After semi-serious flirtations with philosophy and world literature, she ended up majoring in cultural studies, did well enough in her honours year to score a doctorial scholarship, which pleased her parents – and their purse strings – no end, and now spends much of her Sharon-time researching the performative aspect of the feminine, particularly in relation to descriptive/proscriptive portrayals of hair in fairytale culture. Which is a lot more complicated than anyone might think, and kind of scary, when you consider the kind of hair women are allowed to have – and where they’re allowed to have it – and what it says when they wander hirsutely across the line.

‘It’s like we’re supposed to have these long, luxurious locks in order to register ourselves as female – but only on the tops of our heads.

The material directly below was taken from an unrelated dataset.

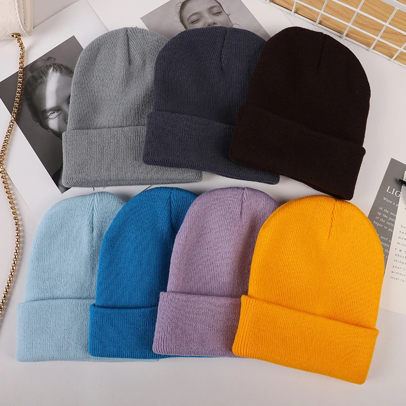 Модные однотонные вязаные облегающие шапки, зимние теплые лыжные шапки, мужские и женские разноцветные шапки, мягкие эластичные шапки, спортивная шапка

Grow that shit anywhere else and a woman risks the verisimilitude of her entire performance. The fourth wall isn’t merely an attribute of theatre, not when you take into account . . .’ She laughs. ‘Sorry, I’ll save that stuff for chapter three.’

And then she’s quiet for a while, focused on dealing her cards into suits for the third time. It’s like this too has been a performance of some kind, a confession rehearsed and refined down to each inflection and self-conscious chuckle. And now that it’s over, she’s nothing more than an empty windup girl, the key in her back run all the way down.